Findings

Amyotrophic Lateral Sclerosis (ALS) is a neurological disease that causes motor neuron degeneration, leading to paralysis and eventually death. Around 5,600 people are diagnosed with ALS each year with the incidence rate of two per 100,000 a year [1]. Despite the relatively low incidence rate compared to more prevalent diseases such as Alzheimer’s and Parkinson’s, ALS is a devastating disease with the average life expectancy of only two to five years from the time of diagnosis. Unfortunately, genome-wide association studies (GWAS) across multiple cohorts have not revealed replicable, genome-wide significant single-nucleotide polymorphisms (SNP) associations that could provide additional clues about the etiology of ALS [27]. It is important to note that the prior studies assumed a simple genetic architecture with an analytical approach that was designed to only detect single SNPs with large effects independent of the genomic background or the ecological context of the subjects being studies. It is our working hypothesis that the genetic architecture of sporadic ALS is complex and likely to be influenced by gene-gene interactions [8]. We further hypothesize that patterns of gene-gene interactions influence ALS susceptibility at the pathway level with individual gene effects playing a smaller role. The goal of the present study was to determine whether patterns of pairwise genetic effects aggregate in specific functional groups as defined by the Gene Ontology (GO). We briefly outline here our bioinformatics approach and then summarize the findings.

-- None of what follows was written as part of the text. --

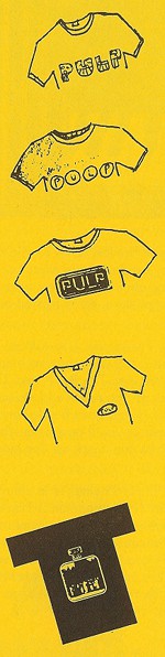 You know it makes sense buying direct from us - free postage if you live in the UK, speedy service, and if you're not 100% happy with your order, we'll exchange it. Unfortunately due to the cost of overseas postage we have to charge p+p on bags & T shirts if you live outside the UK: $5, 22FF, or £3, depending on which currency you're paying with - that's per order, not per item. Once again I've been having a bit of a clear out here at Pulp Towers and here for your delectation are the remaining Pulpy items of clothing & accessories currently lying around the office.... remember to list a first and second choice in case we've run out.

Figure 1 provides a flowchart for our bioinformatics analysis. The analyses are split into three phases. The first phase is a SNP-level analysis that consists of data processing and gene-gene interaction analysis. The second phase is a gene-level analysis that determines whether each gene has more statistically significant SNPs than expected by chance. The third phase is a pathway-level analysis that determines whether each GO category has more statistically significant genes than expected by chance. This is followed by an assessment of replication between the independent GWAS studies of sporadic ALS. We briefly summarize the approach for each of these phases.

Figure 1
figure 1

Flowchart summarizing the three phases of our Gene Ontology analysis strategy.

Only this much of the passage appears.